Input records
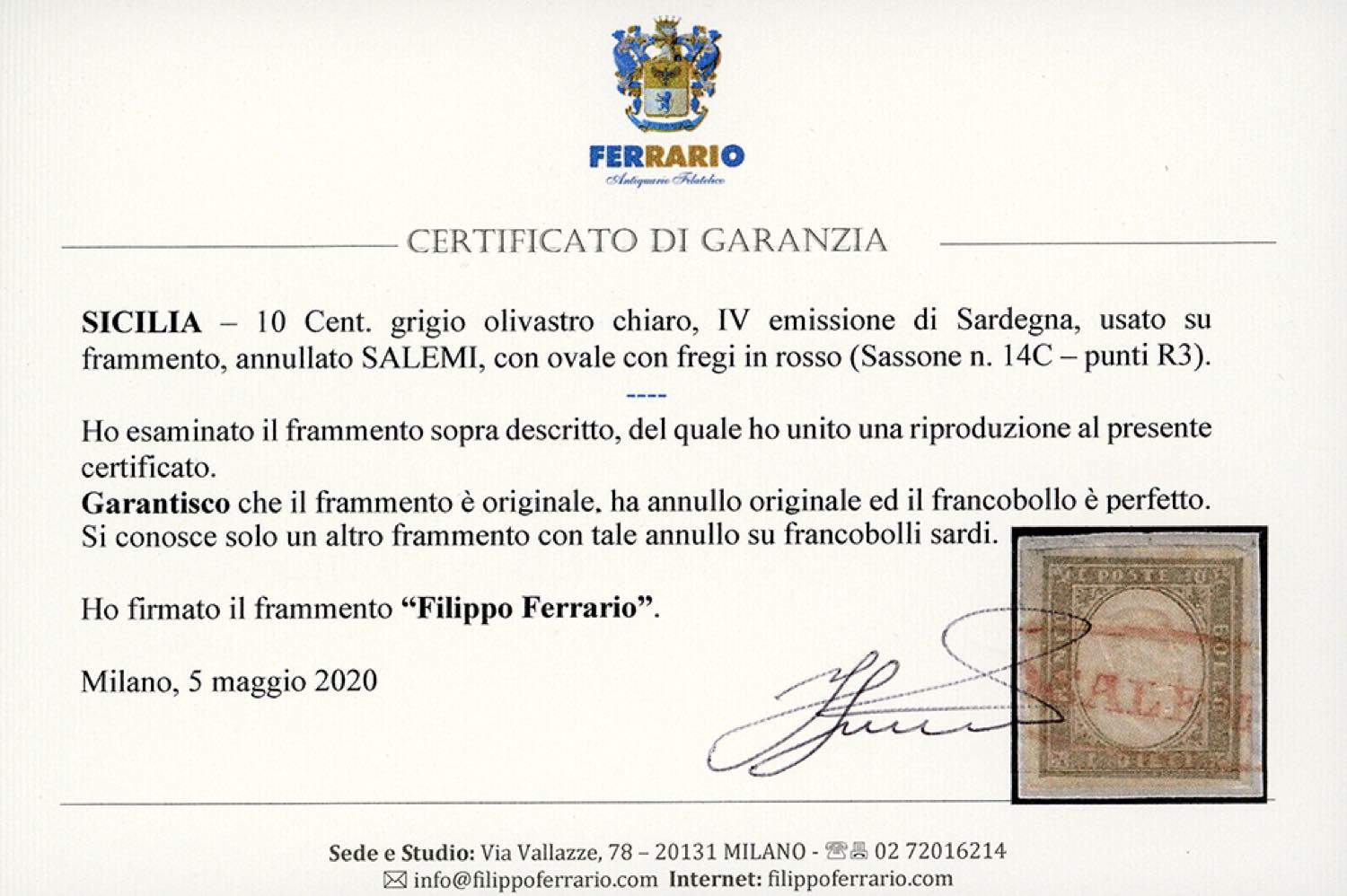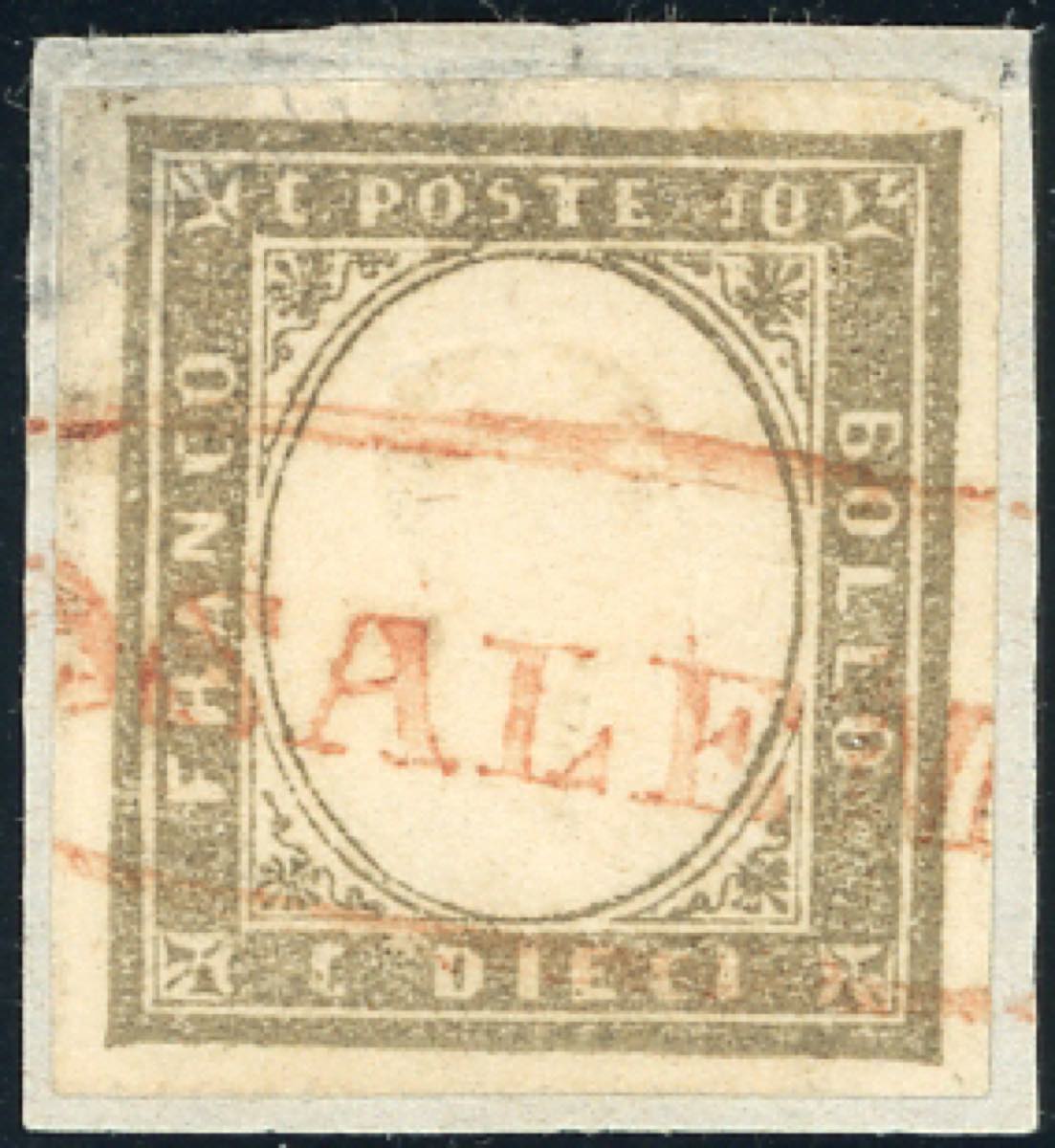 SALEMI, ovale con fregi rosso, non quotato - 10 cent. (14C), perfetto, usato su frammento. Non si conoscono lettere con francobolli di Sardegna con tale annullatore, ma solo un frammento analogo. Rarità da stimarsi pari ad un R3. Cert. Ferrario, ex collez. Nino Aquila.
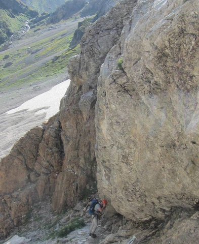 grebenu Obstansattel, 2462 m mimo vojaškega pokopališča (p. 5a) in nato spust po
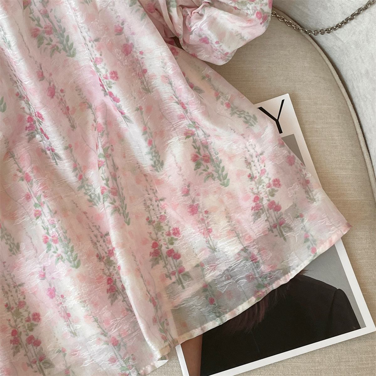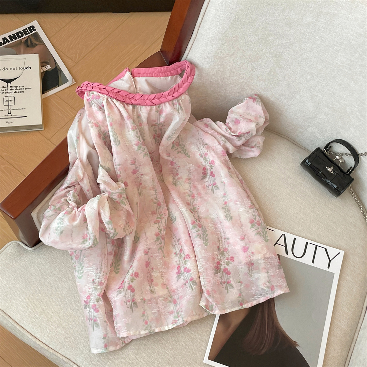 리얼 샷 고급 사교계 스타일 오프 숄더 핑크 쉬폰 셔츠 여자 여름 새 짠 라운드 넥 소프트 왁스 반소매 탑스토어 가기
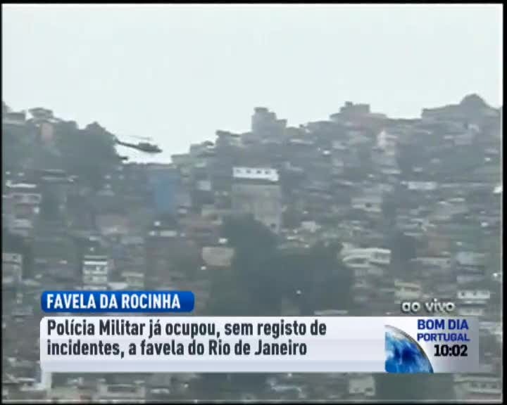 Sem disparar um único tiro, a polícia brasileira ocupou esta manhã três favelas do Rio de Janeiro, Rocinha, Vidigal e Chacará do Céu. A Operação "Choque de Paz" mobiliza 3 mil elementos da polícia, forças especiais e militares. Sete helicópteros estão a sobrevoar a favela da Rocinha , na zona sul da cidade, desde a madrugada. Todos os acessos à zona foram encerrados. As autoridades pretendem acabar com a influencia do tráfico de droga nas três favelas.
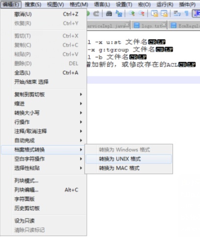 2)设置行尾符格式:编辑 -> 档案格式转换 ->(可选 Windows、Unix 和 Mac中的一种),若是是英文版的 Notepad++,则应该是 Edit -> EOL Conversion -> Windows Format、Unix/OSX Format、Old Mac Format。
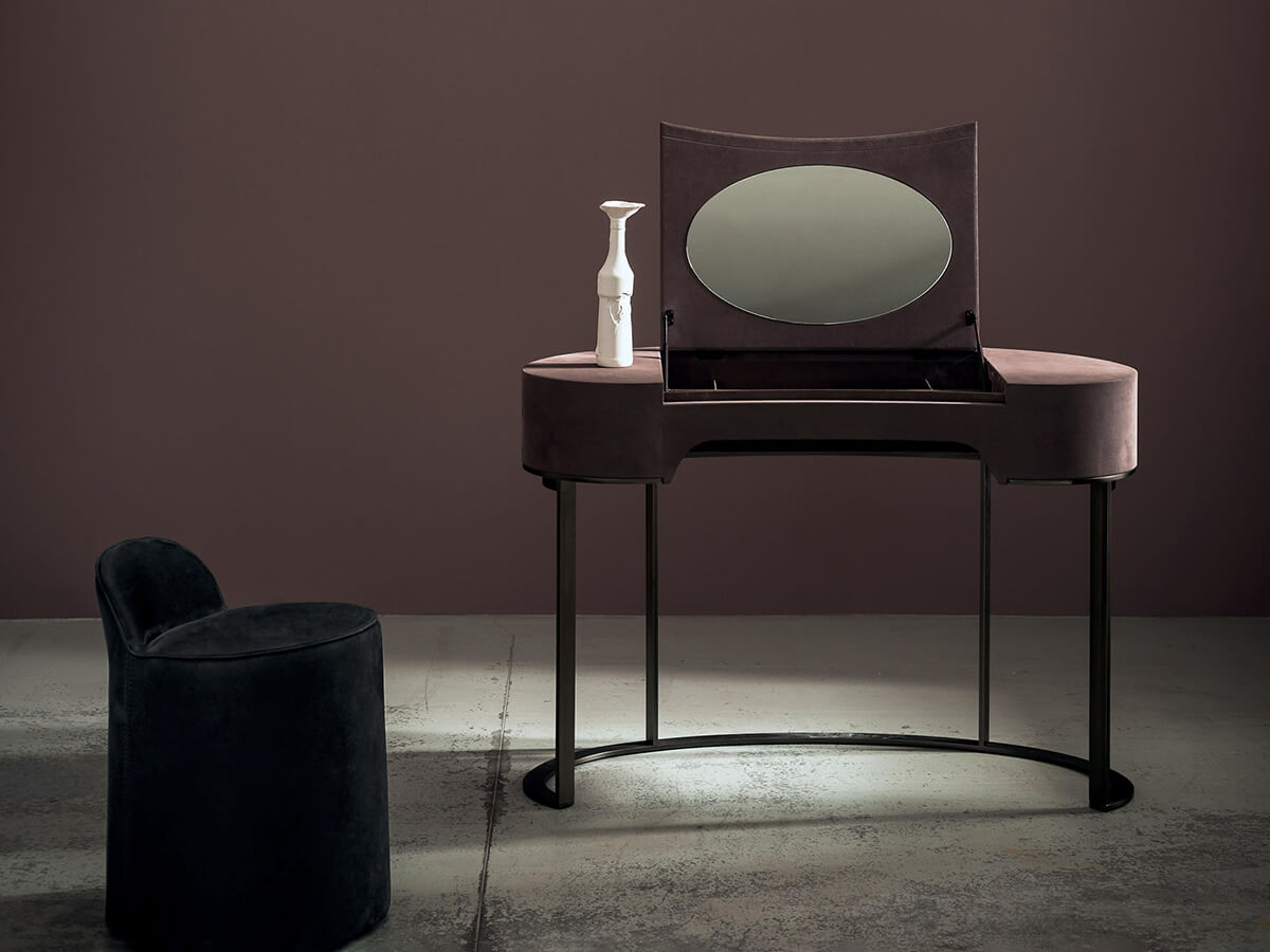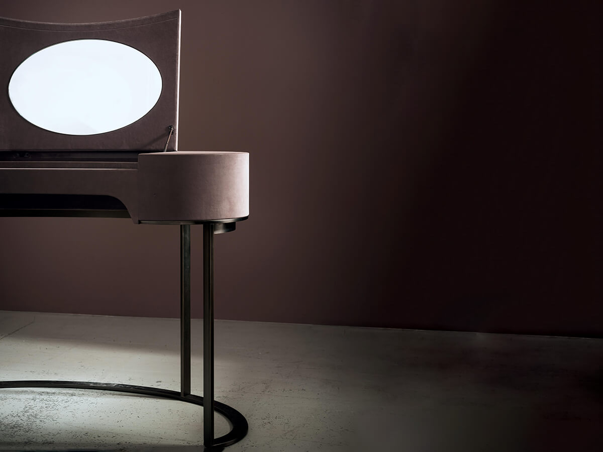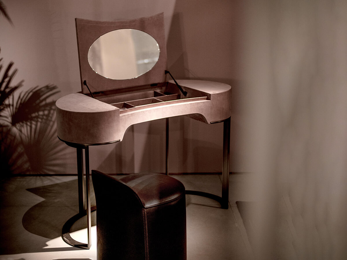Yves is a multipurpose desk, able to conform according to taste or need in multiple declinations designed to meet the needs of contemporary living. His pure and essential nature places him well in any context and environment of the house, without ever being excessive or inappropriate. The base in satin brass-plated metal supports the MDF structure with Baxter leather upholstery. The numerous color proposals accentuate the personal character of this desk. In the dressing table version, it offers a folding top with oval mirror, an ideal complement for the sleeping area or private spaces where you want to have an intimate space for self-care.* Technical features: folding top with oval mirror

What is expected
If pictures appear, drop them, and retype exactly the lines from the "Sem disparar um" line through the last line of the data above.

Finished exercise
 Sem disparar um único tiro, a polícia brasileira ocupou esta manhã três favelas do Rio de Janeiro, Rocinha, Vidigal e Chacará do Céu. A Operação "Choque de Paz" mobiliza 3 mil elementos da polícia, forças especiais e militares. Sete helicópteros estão a sobrevoar a favela da Rocinha , na zona sul da cidade, desde a madrugada. Todos os acessos à zona foram encerrados. As autoridades pretendem acabar com a influencia do tráfico de droga nas três favelas.
 2)设置行尾符格式:编辑 -> 档案格式转换 ->(可选 Windows、Unix 和 Mac中的一种),若是是英文版的 Notepad++,则应该是 Edit -> EOL Conversion -> Windows Format、Unix/OSX Format、Old Mac Format。
Yves is a multipurpose desk, able to conform according to taste or need in multiple declinations designed to meet the needs of contemporary living. His pure and essential nature places him well in any context and environment of the house, without ever being excessive or inappropriate. The base in satin brass-plated metal supports the MDF structure with Baxter leather upholstery. The numerous color proposals accentuate the personal character of this desk. In the dressing table version, it offers a folding top with oval mirror, an ideal complement for the sleeping area or private spaces where you want to have an intimate space for self-care.* Technical features: folding top with oval mirror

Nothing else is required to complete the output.